Back in the Hospital - Round 11

I just realized that I have 46 unique text threads going related to Shirley’s current medical situation.  Not only is this not sustainable, but it’s hard to keep track of who I have told what to.  So, I’m reverting back to her old transplant blog to provide everyone with a common set of updates.  I plan to use this entry to let you know her current status and going forward, I’ll provide both recent updates and some background for those trying to catch up.

The situation as of today, Sunday, October 6:  Shirley is at St. Vincent’s Medical Center.  This is the 11th time she has been admitted to the hospital since late April.  She came in on Thursday at the urgent request of her primary care doctor because of highly elevated numbers indicating kidney failure. 

As of Sunday evening, she has now had two dialysis sessions. The second just finished, so we haven’t yet seen the impact in terms of improved kidney function, but the first dialysis session yielded improvements to both her BUN (from 128 to 74) and Creatine levels  (from 4.16 to 2.87).  For those interested in the meaning behind these numbers, here’s a link.

Before Shirley could have a dialysis treatment, they needed to install a port that could both draw and return blood.  On weekends, the only place to do this is in the ICU.  At about 1 pm on Saturday, Shirley was taken to the ICU for a port installation and I was told she would be taken directly to the dialysis clinic from there.  Here appointment in the clinic was for 2:40 pm.  Visitors were not allowed in either the ICU procedure room or the clinic, so I first waited in her upstairs room and then in a public waiting room nearby. Thanks to Tom Hauge for coming by and hanging out with me.  We were told they would call us when her treatment started, so we would know that she’d be returning to her room two hours later.  We arranged to have them call us when Shirley started her treatment – which didn’t come until 5:45 pm – which meant with transport that she didn’t get back to her room until after 8 pm.

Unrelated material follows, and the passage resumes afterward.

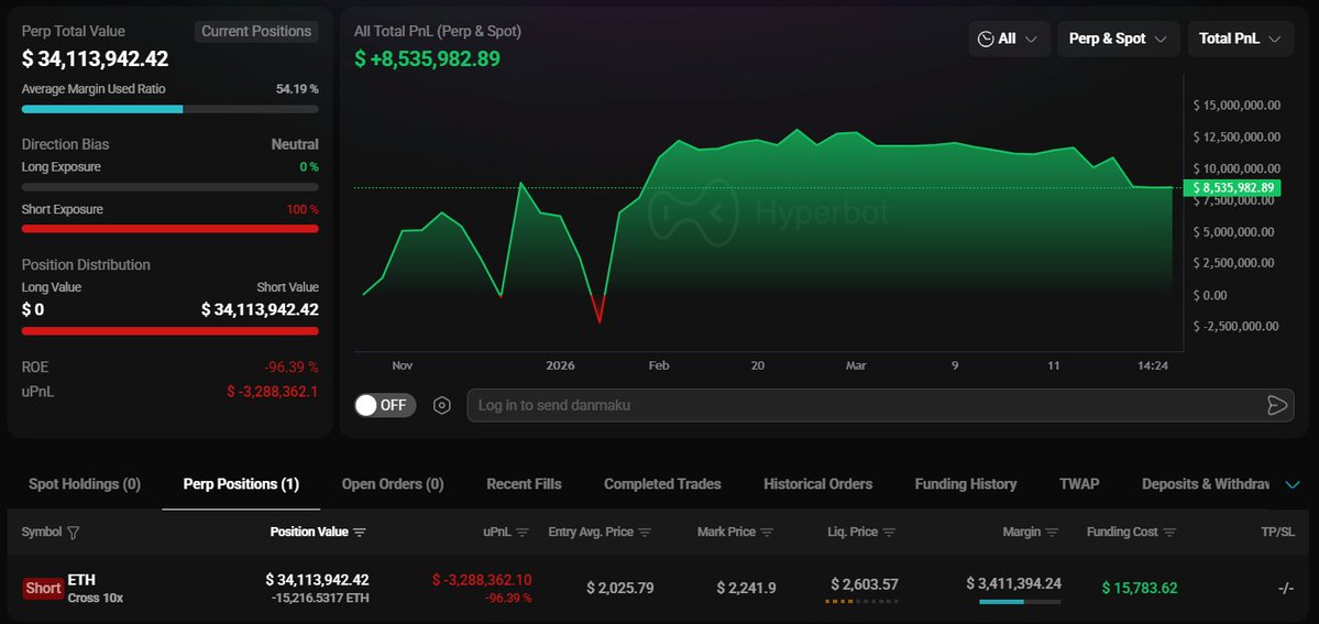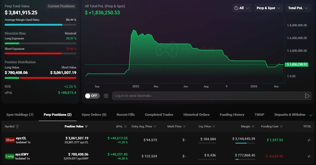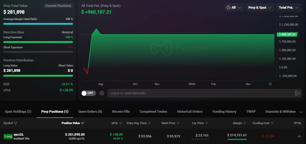 • 在 Hyperliquid 上,他存入了485,669 $USDC 并使用最大杠杆做多113万 $TRUMP(950万美元),未实现利润现在为118万美元。

Besides her kidney function, nutrition has become a major concern.  Shirley just doesn’t have much of an appetite and is eating far less than necessary to build needed muscles. She always eats her meals later than most people and we had arranged for her meals to be delivered to her room at 10 am, 2 pm and 7 pm.  On Friday, she nibbled on her breakfast eventually eating about a cup of scrambled eggs and one half piece of French toast.  For lunch, she had about 5 bits of grilled chicken and a few bites of mashed potatoes.  She never got around to eating dinner.  Saturday, she hadn’t started eating a meal before they came to take her to the ICU at 1 pm and when she came back, she was too exhausted to eat.  Shortly after midnight, she choked while trying to drink some water and that caused them to cease all feeding until a swallow assessment could be conducted.  When they came to do this Sunday morning, she refused to do the test.  As a result, as of 11 pm Sunday night, she has not had anything to eat in nearly 60 hours.

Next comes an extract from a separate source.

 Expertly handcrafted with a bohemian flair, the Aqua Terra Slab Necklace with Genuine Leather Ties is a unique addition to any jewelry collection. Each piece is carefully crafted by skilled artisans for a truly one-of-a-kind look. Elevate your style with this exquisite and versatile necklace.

To remedy this, the plan is to install a feeding tube that can be used to provide her with high nutrient fluids.  The tube is called an NG tube (nasal-gastro) and is run through one nostril, down the back of the throat and into the stomach.  More on this in a moment.

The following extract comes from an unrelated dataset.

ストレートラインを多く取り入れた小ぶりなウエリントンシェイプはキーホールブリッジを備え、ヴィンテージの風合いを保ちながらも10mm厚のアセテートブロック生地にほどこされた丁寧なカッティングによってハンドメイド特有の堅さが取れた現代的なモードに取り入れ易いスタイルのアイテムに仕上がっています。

A third issue is Shirley’s oxygen levels.  Since arriving at the hospital, Shirley has been receiving small doses of supplemental oxygen. But a few hours after returning from the dialysis treatment, her needs when way up.  She’s now getting 15 liters – which is the maximum that can be administered from the oxygen in the room.

Now, back to the NG-tube:  in order to install this tube, her nasal canula that delivers the oxygen would need to be removed for several minutes.  This makes an uncomfortable procedure become much more challenging and dangerous, as her O2 levels would reach critical levels.  For this reason, it was determined that the installation should be done in a surgery room under anesthesia.  This removes the discomfort element and makes it much safer, BUT means they can’t do it until Monday morning, so she’ll go another 12 hours without food.

She is receiving a dextrose fluid via IV.  This provides some basic fuel to her blood to feed her cells, but no protein or other nutrients.